AVAILABLE DATA:
________________________

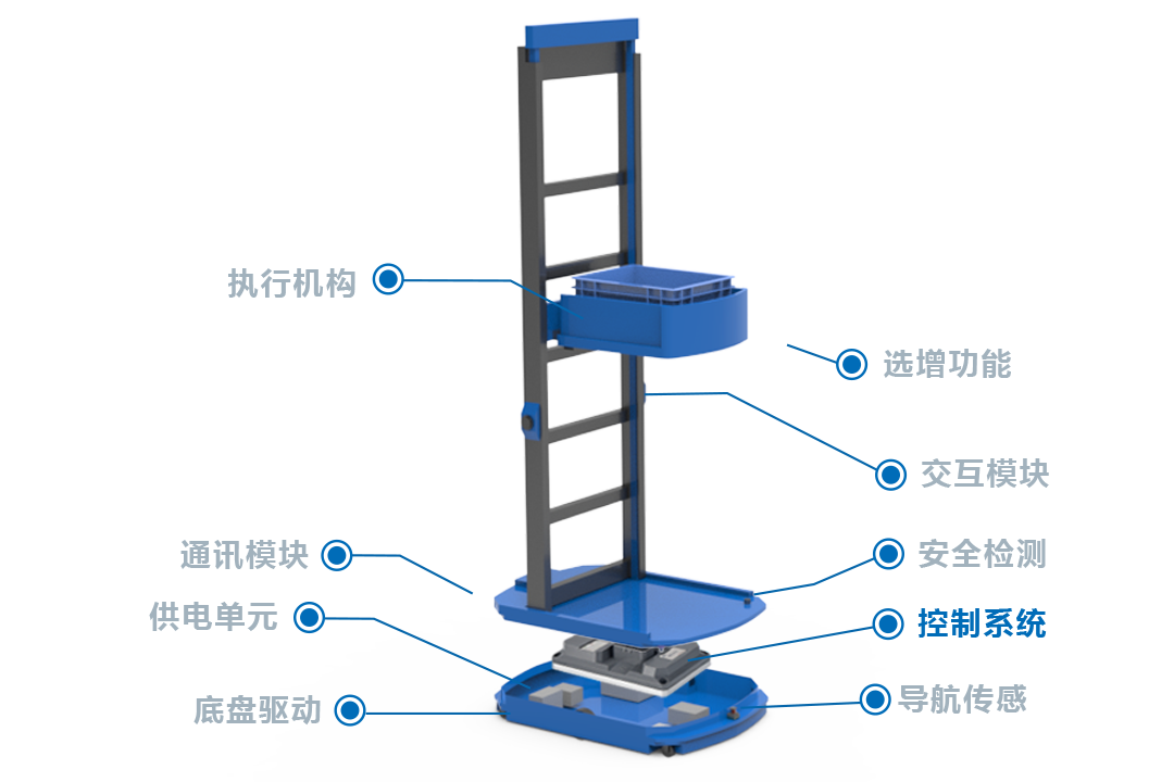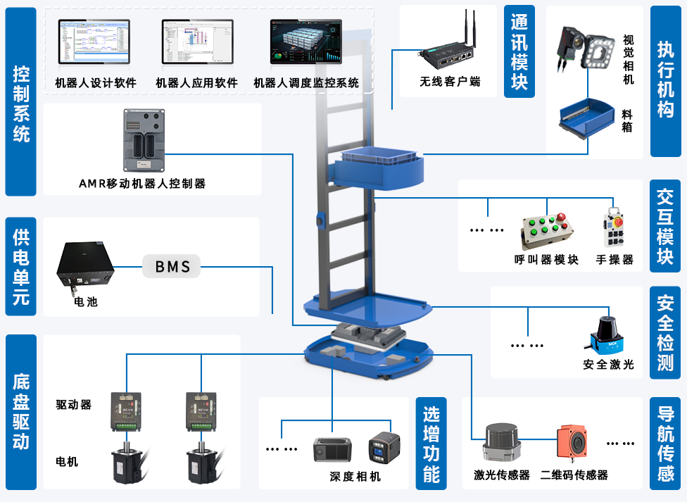 料箱式移动机器人整体解决方案,根据移动机器人的整机功能,主要分为控制系统、导航传感、底盘驱动、执行机构、安全检测、交互模块、通讯模块、供电单元、选增功能等九大单元模块构成。
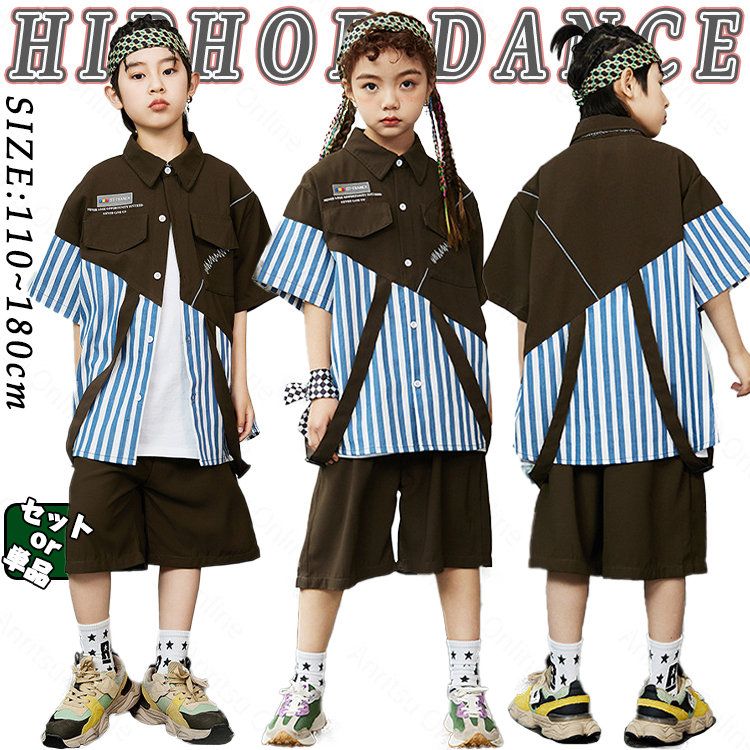 ブラウン ブルー ストライプ柄 キッズ ダンス衣装 セットアップ 女の子 男の子 おしゃれ かっこいい 半袖シャツ ゆったり カジュアルシャツ トップス 短パン ハ
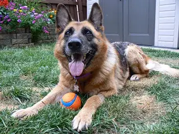 It takes a special family to adopt a senior dog; it's uncertain how much time you'll have together and how much of that time will be pain-free. But the love you receive from a senior dog can be some of the most rewarding you will experience. Cheri is a senior who has had a difficult life, and is seeking a loving family to be her forever home. Cheri was picked up as a 9 year old stray and placed in a local shelter, which contacted MAGSR to help find her a home. The veterinarian found that she was likely used as a breeding dog, and potentially dumped when she could no longer have litters of puppies. They also found that she had cancerous mammary tumors and a bad skin infection. With the help of our vet, we were able to remove the tumors, heal her infection, and she is now living in a foster home. Since her recovery and adjustment to foster life, her personality has shown through. She loves to go for car rides and walks, finding giant sticks to carry along the way, and she absolutely loves to play ball. She can be standoffish with other dogs, especially if she doesn't know them, and thinks some cats look like tasty treats. And while she hasn't had any specific problems with children, we think she may be too protective and shepherding for a family that would often have children running about. But most of all, Cheri just wants to be near her family and have a soft place to snuggle into. If you would like to meet Cheri, please contact our Adoptions Coordinator for more information.

________________________

PROBLEM: Please copy the data shown above precisely, leaving the images out.

TASK OUTPUT:
 料箱式移动机器人整体解决方案,根据移动机器人的整机功能,主要分为控制系统、导航传感、底盘驱动、执行机构、安全检测、交互模块、通讯模块、供电单元、选增功能等九大单元模块构成。
 ブラウン ブルー ストライプ柄 キッズ ダンス衣装 セットアップ 女の子 男の子 おしゃれ かっこいい 半袖シャツ ゆったり カジュアルシャツ トップス 短パン ハ
 It takes a special family to adopt a senior dog; it's uncertain how much time you'll have together and how much of that time will be pain-free. But the love you receive from a senior dog can be some of the most rewarding you will experience. Cheri is a senior who has had a difficult life, and is seeking a loving family to be her forever home. Cheri was picked up as a 9 year old stray and placed in a local shelter, which contacted MAGSR to help find her a home. The veterinarian found that she was likely used as a breeding dog, and potentially dumped when she could no longer have litters of puppies. They also found that she had cancerous mammary tumors and a bad skin infection. With the help of our vet, we were able to remove the tumors, heal her infection, and she is now living in a foster home. Since her recovery and adjustment to foster life, her personality has shown through. She loves to go for car rides and walks, finding giant sticks to carry along the way, and she absolutely loves to play ball. She can be standoffish with other dogs, especially if she doesn't know them, and thinks some cats look like tasty treats. And while she hasn't had any specific problems with children, we think she may be too protective and shepherding for a family that would often have children running about. But most of all, Cheri just wants to be near her family and have a soft place to snuggle into. If you would like to meet Cheri, please contact our Adoptions Coordinator for more information.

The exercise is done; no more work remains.